◆ WORK REQUEST:
Please transcribe exactly the lines from the line holding "Com a vaga garantida, o" through the end of the data below, and skip any pictures.

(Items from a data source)
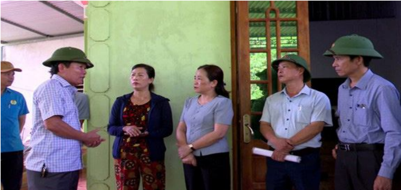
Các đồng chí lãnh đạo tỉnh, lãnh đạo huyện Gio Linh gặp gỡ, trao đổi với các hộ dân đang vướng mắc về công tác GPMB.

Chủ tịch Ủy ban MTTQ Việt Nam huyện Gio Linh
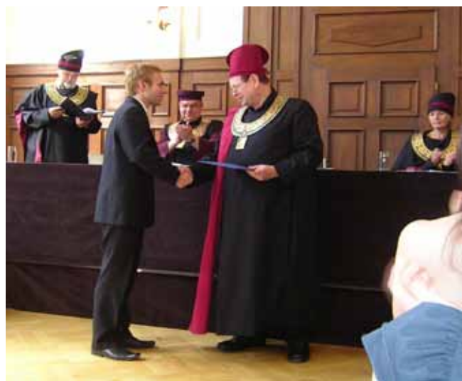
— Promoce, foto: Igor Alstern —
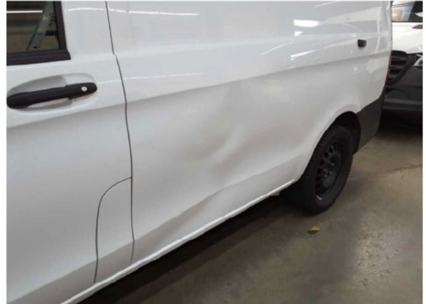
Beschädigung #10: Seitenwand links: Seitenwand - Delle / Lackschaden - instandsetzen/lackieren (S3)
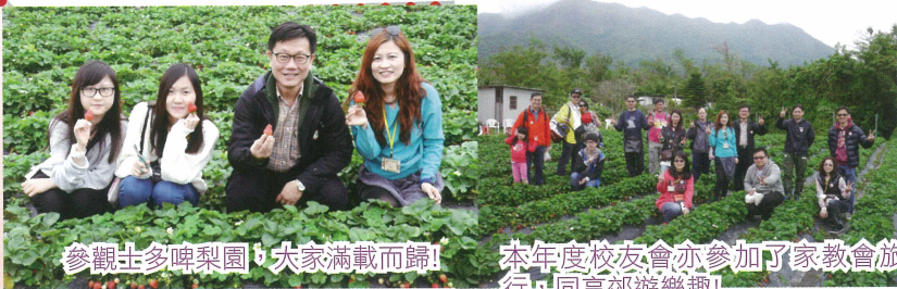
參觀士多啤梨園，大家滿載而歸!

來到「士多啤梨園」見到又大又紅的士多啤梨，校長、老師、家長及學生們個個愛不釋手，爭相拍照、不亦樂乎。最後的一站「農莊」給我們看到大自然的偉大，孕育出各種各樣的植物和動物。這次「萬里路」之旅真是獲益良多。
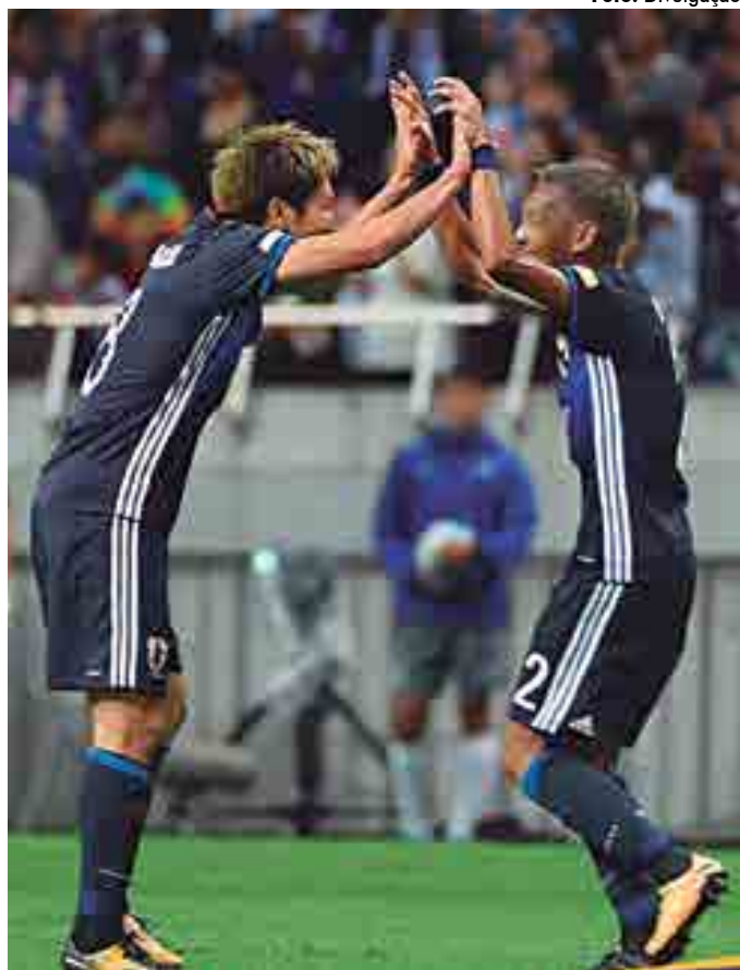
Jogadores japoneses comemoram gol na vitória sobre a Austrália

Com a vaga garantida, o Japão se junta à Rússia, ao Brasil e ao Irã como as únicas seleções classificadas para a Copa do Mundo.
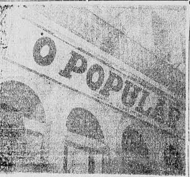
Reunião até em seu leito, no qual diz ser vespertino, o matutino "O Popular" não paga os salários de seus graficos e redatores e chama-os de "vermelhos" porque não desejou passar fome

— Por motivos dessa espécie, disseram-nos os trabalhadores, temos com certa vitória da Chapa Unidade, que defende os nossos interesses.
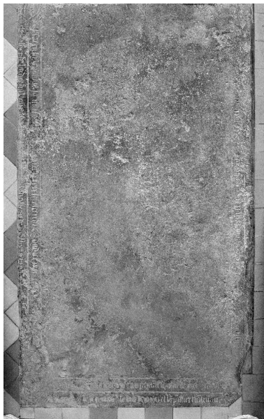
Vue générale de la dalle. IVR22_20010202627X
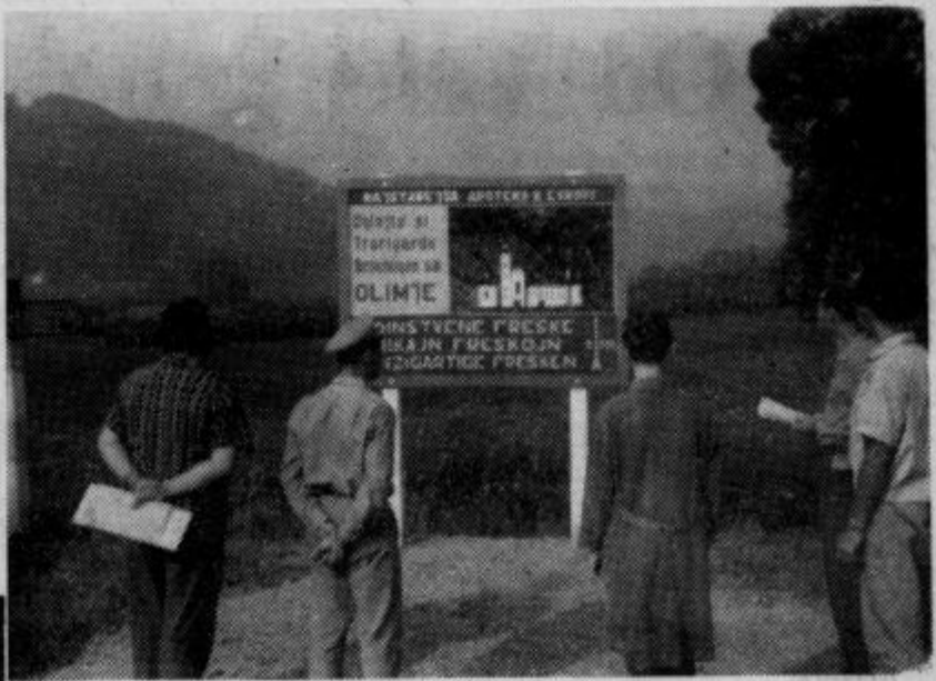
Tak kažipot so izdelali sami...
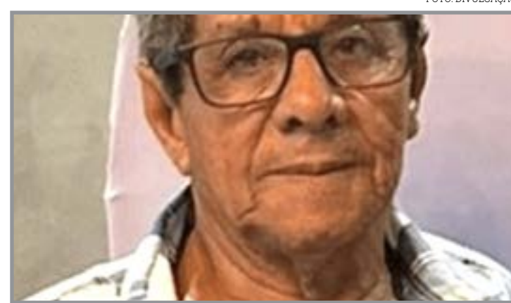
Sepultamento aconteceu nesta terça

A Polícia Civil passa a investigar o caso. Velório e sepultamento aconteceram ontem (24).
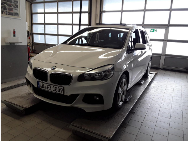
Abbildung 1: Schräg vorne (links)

◆ SOLUTION TO THIS TASK:
Com a vaga garantida, o Japão se junta à Rússia, ao Brasil e ao Irã como as únicas seleções classificadas para a Copa do Mundo.
Reunião até em seu leito, no qual diz ser vespertino, o matutino "O Popular" não paga os salários de seus graficos e redatores e chama-os de "vermelhos" porque não desejou passar fome

— Por motivos dessa espécie, disseram-nos os trabalhadores, temos com certa vitória da Chapa Unidade, que defende os nossos interesses.
Vue générale de la dalle. IVR22_20010202627X
Tak kažipot so izdelali sami...
Sepultamento aconteceu nesta terça

A Polícia Civil passa a investigar o caso. Velório e sepultamento aconteceram ontem (24).
Abbildung 1: Schräg vorne (links)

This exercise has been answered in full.